For example, in Fig. 4-3(a) we see a simple executable binary file taken from an early version of UNIX. Although technically the file is just a sequence of bytes, the operating system will execute a file only if it has the proper format. It has five sections: header, text, data, relocation bits, and symbol table. The header starts with a magic number, identifying the file as an executable file (to prevent the accidental execution of a file not in this format). Then come the sizes of the various pieces of the file, the address at which execution starts, and some flag bits. After the header are the text and data of the program itself. These are loaded into memory and relocated using the relocation bits. The symbol table is for debugging.

Figure 4-3

The figure consists of two parts labeled (a) and (b) that illustrate an executable file and an archive.

(a) An executable file. (b) An archive.

Our second example of a binary file is an archive, also from UNIX. It consists of a collection of library procedures (modules) compiled but not linked. Each one is prefaced by a header telling its name, creation date, owner, protection code, and size. Just as with the executable file, the module headers are full of binary numbers. Copying them to the printer would produce complete gibberish.

Every operating system must recognize at least one file type: its own executable file; some recognize more. The old TOPS-20 system (for the DECsystem20) went so far as to examine the creation time of any file to be executed. Then it located the source file and saw whether the source had been modified since the binary was made. If it had been, it automatically recompiled the source. In UNIX terms, the make program had been built into the shell.
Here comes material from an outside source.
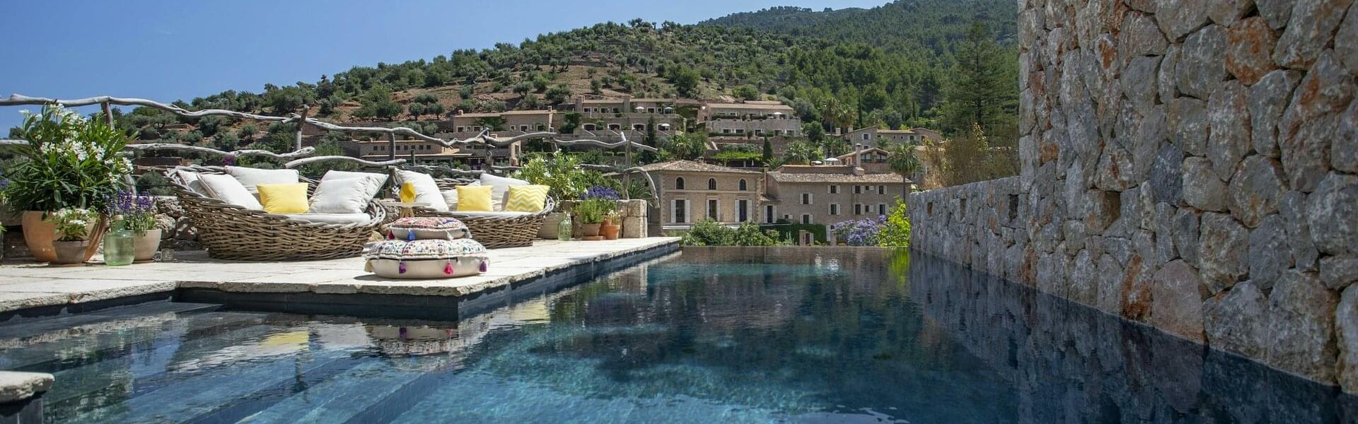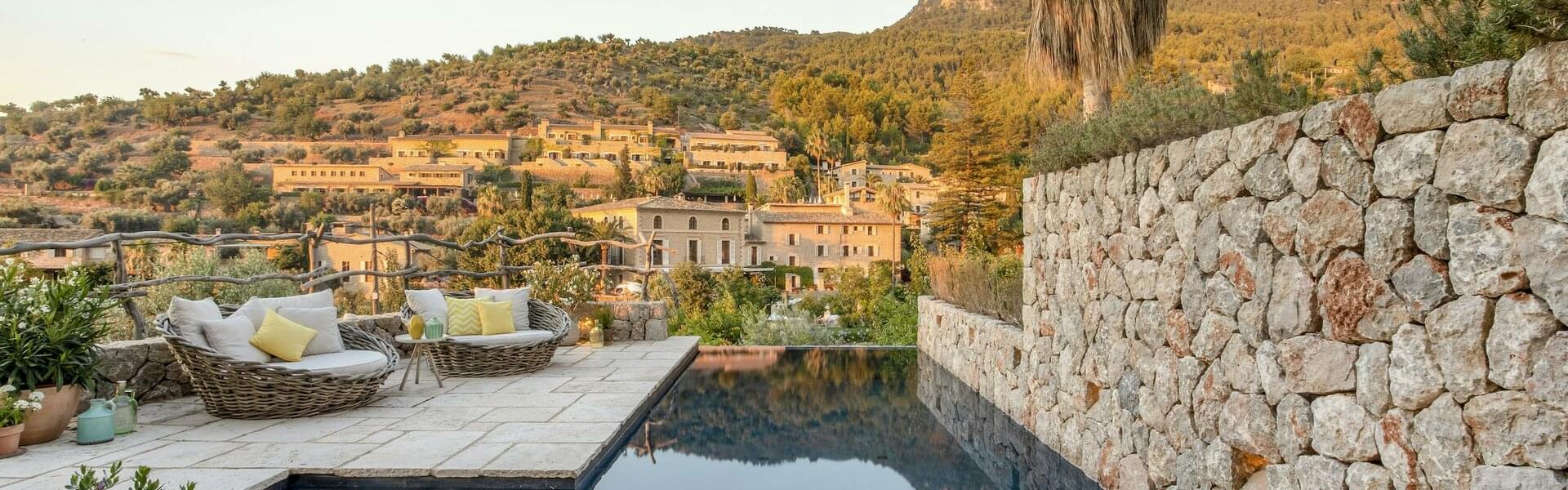 A second terrace with infinity pool, stretches out with views across the village, to the gardens of the famous La Residencia Hotel and the imposing Traumuntana Mountains.

The file extensions were mandatory, so it could tell which binary program was derived from which source.

Having strongly typed files like this causes problems whenever the user does anything that the system designers did not expect. Consider, as an example, a system in which program output files have extension .dat (data files). If a user writes a program formatter that reads a .c file (C program), transforms it (e.g., by converting it to a standard indentation layout), and then writes the transformed file as output, the output file will be of type .dat. If the user tries to offer this to the C compiler to compile it, the system will refuse because it has the wrong extension. Attempts to copy file.dat to file.c will be rejected by the system as invalid (to protect the user against mistakes).

While this kind of ‘‘user friendliness’’ may help novices, it drives experienced users up the wall since they have to devote considerable effort to circumventing the operating system’s idea of what is reasonable and what is not.
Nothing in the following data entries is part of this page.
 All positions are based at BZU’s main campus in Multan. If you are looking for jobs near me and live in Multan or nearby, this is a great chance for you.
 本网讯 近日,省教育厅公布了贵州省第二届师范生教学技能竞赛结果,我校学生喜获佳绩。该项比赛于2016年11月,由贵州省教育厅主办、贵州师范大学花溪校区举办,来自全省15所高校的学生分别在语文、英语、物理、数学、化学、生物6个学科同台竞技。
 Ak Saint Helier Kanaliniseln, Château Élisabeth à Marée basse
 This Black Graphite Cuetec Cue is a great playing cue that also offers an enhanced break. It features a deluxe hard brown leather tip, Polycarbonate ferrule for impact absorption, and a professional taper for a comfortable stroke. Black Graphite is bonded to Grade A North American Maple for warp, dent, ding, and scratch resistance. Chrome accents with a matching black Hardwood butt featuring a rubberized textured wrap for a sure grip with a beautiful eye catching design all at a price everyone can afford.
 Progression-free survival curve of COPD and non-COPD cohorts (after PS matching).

Most operating systems offer a slew of tools to examine files. For instance, on UNIX you can use the file utility to examine the type of files. It uses heuristics to determine that something is a text file, a directory, an executable, etc. Examples of its use can be found in Fig. 4-4.

Figure 4-4

CommandResult
file README.txt UTF-8 Unicode text
file hjb.shPOSIX shell script, ASCII text executable
file Makefilemakefile script, ASCII text
file /usr/bin/lesssymbolic link to /bin/less
file /bin/directory
file /bin/lessELF 64-bit LSB shared object, x86-64 [...more information...]

Finding out file types.

4.1.4 File Access

Early operating systems provided only one kind of file access: sequential access. In these systems, a process could read all the bytes or records in a file in order, starting at the beginning, but could not skip around and read them out of order. Sequential files could be rewound, however, so they could be read as often as needed. Sequential files were convenient when the storage medium was magnetic tape rather than disk.

When disks came into use for storing files, it became possible to read the bytes or records of a file out of order, or to access records by key rather than by position. Files whose bytes or records can be read in any order are called random-access files. They are required by many applications.
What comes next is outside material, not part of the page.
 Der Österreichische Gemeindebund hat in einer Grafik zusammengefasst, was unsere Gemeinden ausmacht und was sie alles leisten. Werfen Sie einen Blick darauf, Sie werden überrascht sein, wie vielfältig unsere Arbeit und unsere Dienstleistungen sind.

Random access files are essential for many applications, for example, database systems. If an airline customer calls up and wants to reserve a seat on a particular flight, the reservation program must be able to access the record for that flight without having to read the records for thousands of other flights first.

Two methods can be used for specifying where to start reading. In the first one, every read operation gives the position in the file to start reading at. In the second one, a special operation, seek, is provided to set the current position. After a seek, the file can be read sequentially from the now-current position. The latter method is used in UNIX and Windows.

4.1.5 File Attributes

Every file has a name and its data. In addition, all operating systems associate other information with each file, for example, the date and time the file was last modified and the file’s size. We will call these extra items the file’s attributes. Some people call them metadata. The list of attributes varies considerably from system to system. The table of Fig. 4-5 shows some of the possibilities, but other ones also exist. No existing system has all of these, but each one is present in some system.

Figure 4-5

AttributeMeaning
ProtectionWho can access the file and in what way
PasswordPassword needed to access the file
CreatorID of the person who created the file
OwnerCurrent owner
Read-only flag0 for read/write; 1 for read only
Hidden flag0 for normal; 1 for do not display in listings
System flag0 for normal files; 1 for system file
Archive flag0 for has been backed up; 1 for needs to be backed up
ASCII/binary flag0 for ASCII file; 1 for binary file
Random access flag0 for sequential access only; 1 for random access
Temporary flag0 for normal; 1 for delete file on process exit
Lock flags0 for unlocked; nonzero for locked
Record lengthNumber of bytes in a record
Key positionOffset of the key within each record
Key lengthNumber of bytes in the key field
Creation timeDate and time the file was created
Time of last accessDate and time the file was last accessed
Time of last changeDate and time the file was last changed
Current sizeNumber of bytes in the file
Maximum sizeNumber of bytes the file may grow to

Some possible file attributes.

The first four attributes relate to the file’s protection and tell who may access it and who may not. All kinds of schemes are possible, some of which we will study later. In some systems the user must present a password to access a file, in which case the password must be one of the attributes.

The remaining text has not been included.